MATLAB Engineering Final Year Projects

MATLAB Engineering Final Year Project Ideas

What is MATLAB?

MATLAB is a programming and numeric computing platform used to analyse data, create models, develop algorithms and simulate complex mathematical problems.

MATLAB allows engineers and scientists to analyse and develop systems and products. Furthermore, a matrix-based language, called M, in MATLAB solves problems using the natural expression in computational mathematics. In addition to this, The MATLAB environment offers iterative analysis and design processes. The language used in MATLAB expresses matrix and arrays mathematics directly. MATLAB environment offers a live editor where you can create scripts that will allow you to execute and combine code output, among many other time-saving features. Using MATLAB, you can decide where to run the analysis on your problem, whether it is on a GPU, cloud or cluster. You can select the platform for running your analysis by making minimal changes to the software.

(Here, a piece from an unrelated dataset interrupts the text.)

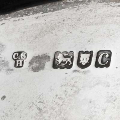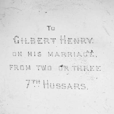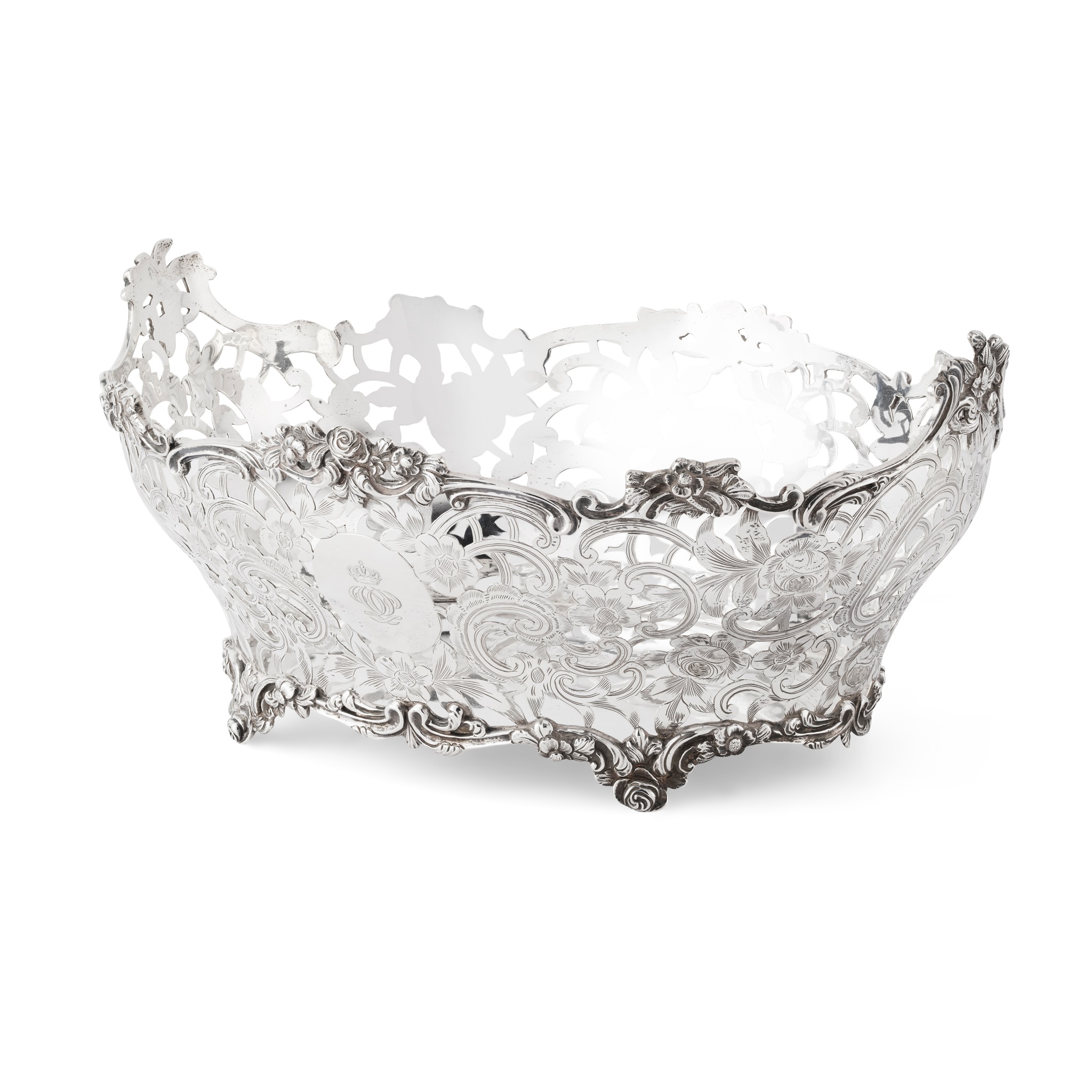 Charles Stuart Harris, London 1898, of oval outline, the pierced sides with floral decoration, the central oval cartouche with the Prince of Wales' coronet to one side and the Hussar symbol to the other, presentation engraving to the centre of the dish, 'TO GILBERT HENRY ON HIS MARRIAGE FROM TWO OR THREE 7TH HUSSARS' raised on cast floral bracket foot with engraved names to the underside

If you are working on a research-based final year project, then MATLAB is an ideal tool that you can use to conduct your research, modelling, simulation and deployment to multiple platforms.

What can you do with MATLAB?

MATLAB allows you to Take Your Ideas Beyond Research to Production. MATLAB is a powerful software with near to unlimited capabilities. You can use MATLAB to model and solve problems for various engineering and research fields. In addition, MATLAB offers multiple add-ons that you can use to simulate nearly everything. Below is a list of domains for which you can use MATLAB for your final year project. By no means is this an exhaustive list, and you should go to the MATLAB website to see the complete offerings of MATLAB.

Iterative analysis of your problem

Programming

Create scripts, functions, and classes using a Matrix-based language optimised for computational mathematics.

App Building

Using MATLAB, you can Create applications for desktop, webpages, and embedded systems.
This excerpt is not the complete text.